Hello out there to anyone looking back. And hello to those who aren’t.
2013…rough year. It’s almost over though. I wish it hadn’t been so rough.
January is fast approaching, which means the first death date anniversary for that person I loved is also fast approaching. You know those silly scenes in movies where the protagonists go to visit the graves that hold the rotting bodies (fast turning to dirt) that once were animated by their loved ones? I always thought that was so stupid. There is nothing there but, well, nothing.
Well call me a hypocrite. Yes, I know there is nothing there, but I find myself, sometimes quite unexpectedly, taking a seat beside a piece of stone holding a dead person’s name and…and…and what? Sometimes silence, sometimes gossip, sometimes curses and questions as to why. Why? Why? Why had he done that? Did it hurt? Did he suffer long?
It’s strangely good company.
As I’d mentioned some time before, I ran away last spring to the desert. Well, near the end of summer, I ran away again. This time to the ocean. Seems like that will be my thing, this running away. Why run again? One day I took my father out to lunch and he told me he wanted to die. The next week a doctor told him he was going to die if he didn’t get a surgery, and with a smirk, that asshole decided against the surgery.
I told him he was selfish, I told him it would be cowardly, I asked him if the tables were turned, wouldn’t he want me to fight for life?
And his answer was no.
He said no.
But…after that bitter conversation, and the vocal protests from others, he received the surgery and lives.
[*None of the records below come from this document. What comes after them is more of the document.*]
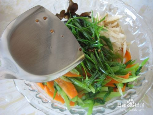在菜上面淋上锅里的辣椒油
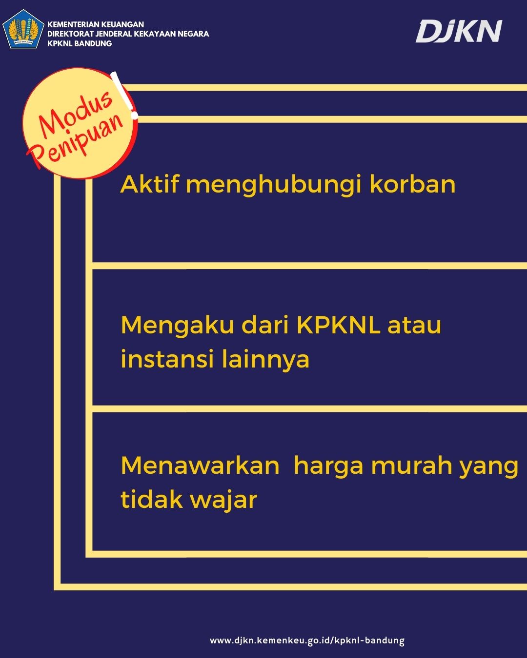untuk berhati-hati atas penipuan bermoduskan lelang yang mengatasnamakan DJKN,
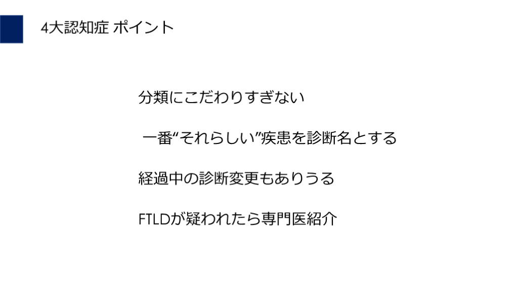#26. 4大認知症 ポイント 分類にこだわりすぎない 経過中の診断変更もありうる FTLDが疑われたら専門医紹介 一番“それらしい”疾患を診断名とする
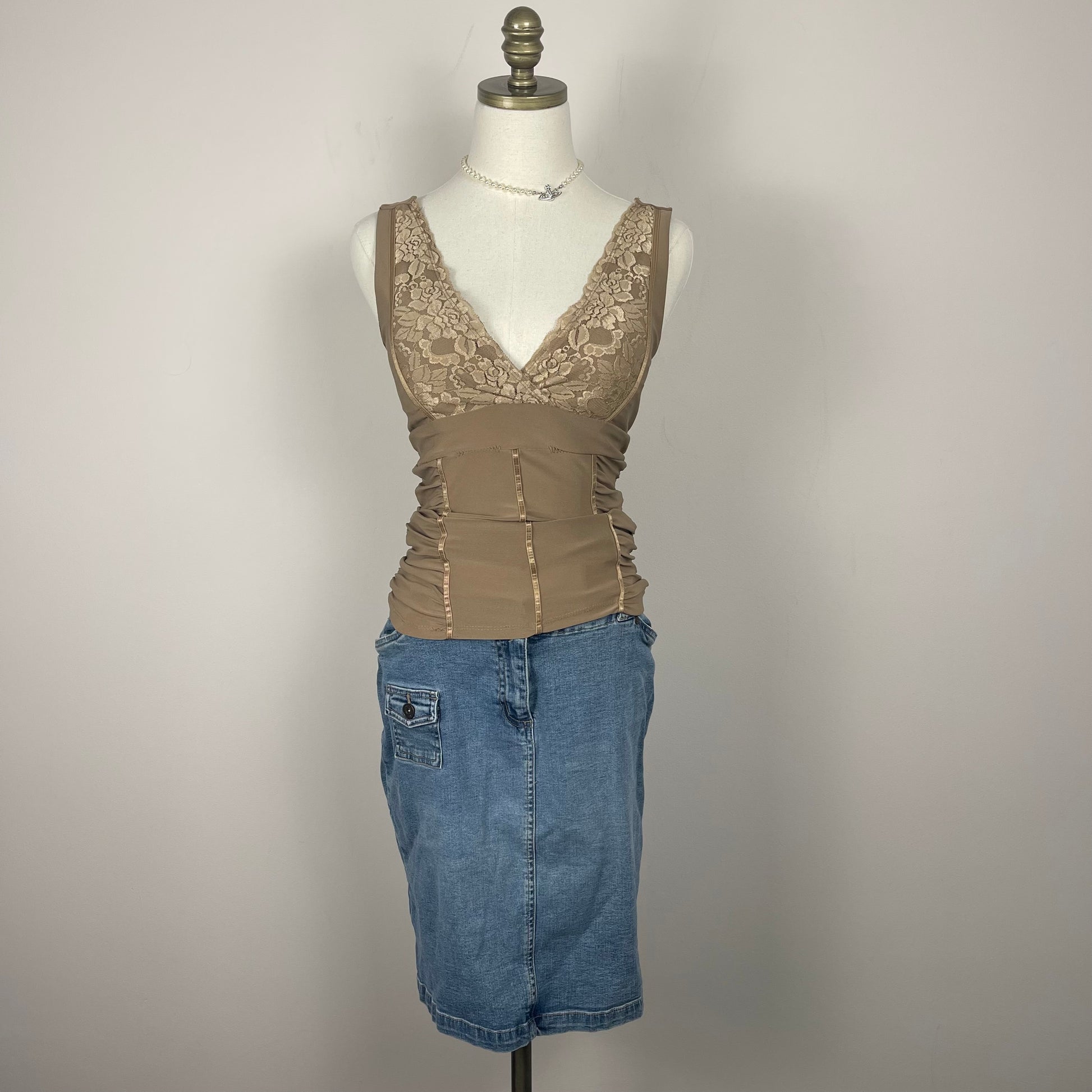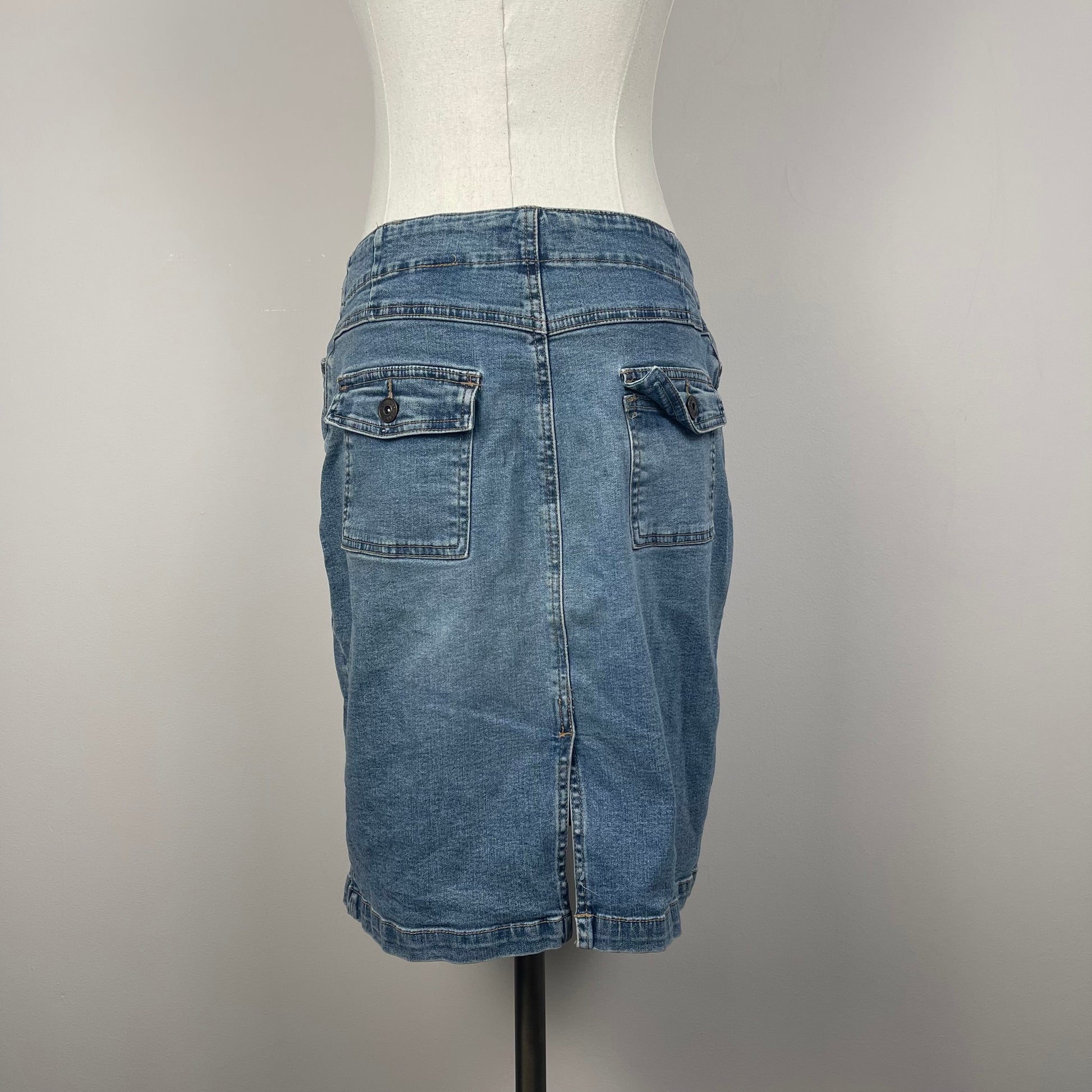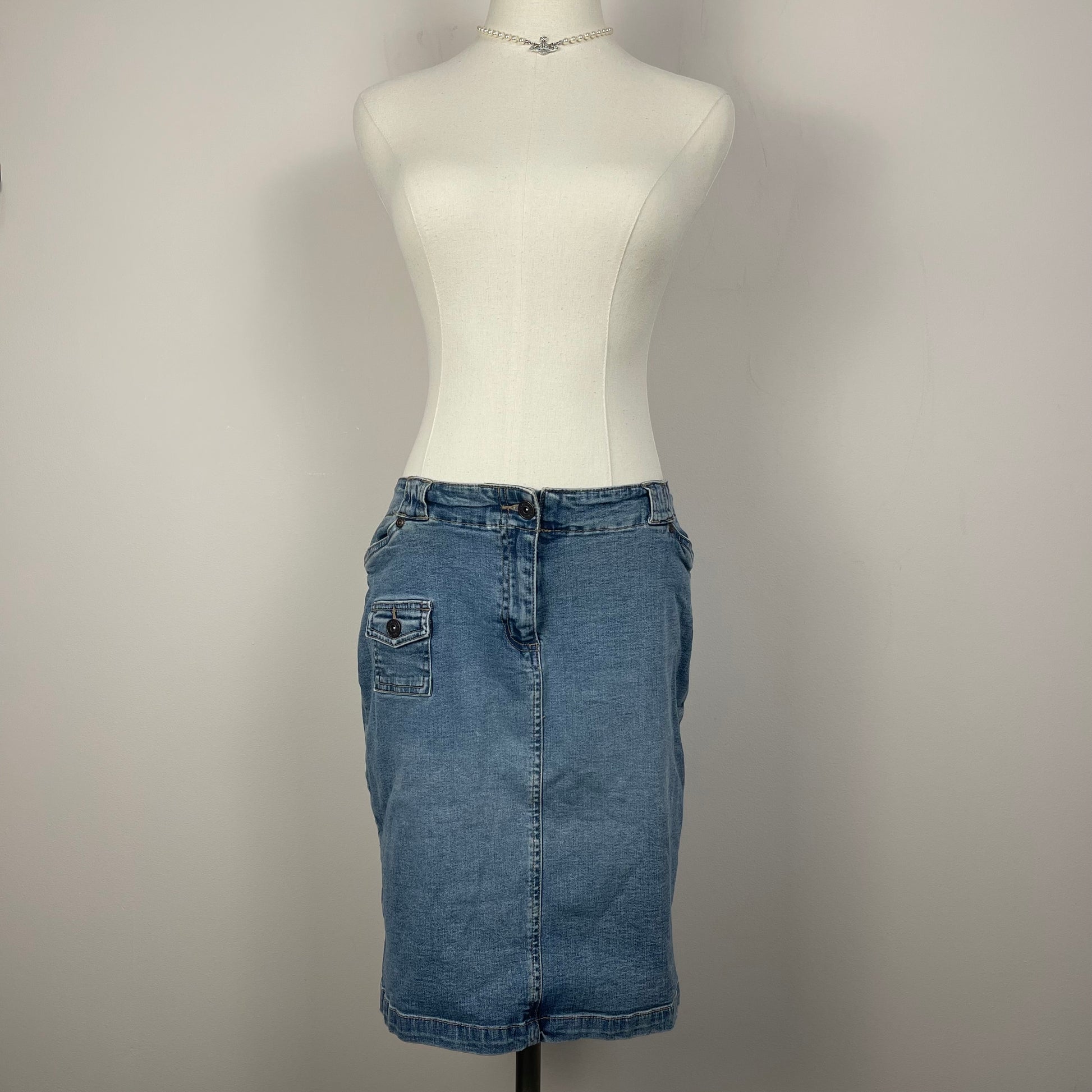 Details: Vintage light wash denim midi skirt with a little pocket on the front side, two pockets on the back, and a slit on the back, creating a stunning silhouette.

So while his words told me one thing, he chose to stay after all. Doesn’t that mean he actually does love me? Right? Right? Right?
So I ran to the ocean (before his decision for surgery) and drove the coast line, and visited whitewashed lighthouses, and stood in the cold surf staring out at the eternity of sky and water. And I did not want to leave.
But I did, and I’m happy to be here. I have a good job now. A good job in the valley where I grew up and where my family lives. And I have a nice cozy cabin in the woods where I am staying this winter. A lot of snow falls here and everything is warm inside and picturesque outside. It is good.
I put up my own Christmas tree for the first time in my life. There are wrapped gifts underneath and I plan on hanging lights outside on the cabin porch. I am reconnecting with old friends and trying to make new friends. This is where I have planned to live and grow old and die, so I am trying to grow roots. Or should I say, I’m trying to strengthen the roots already here. And sometimes that means going to a graveyard to grieve, and sometimes that means fighting with someone I love. After all, running away, by definition, means running away from a home already in place.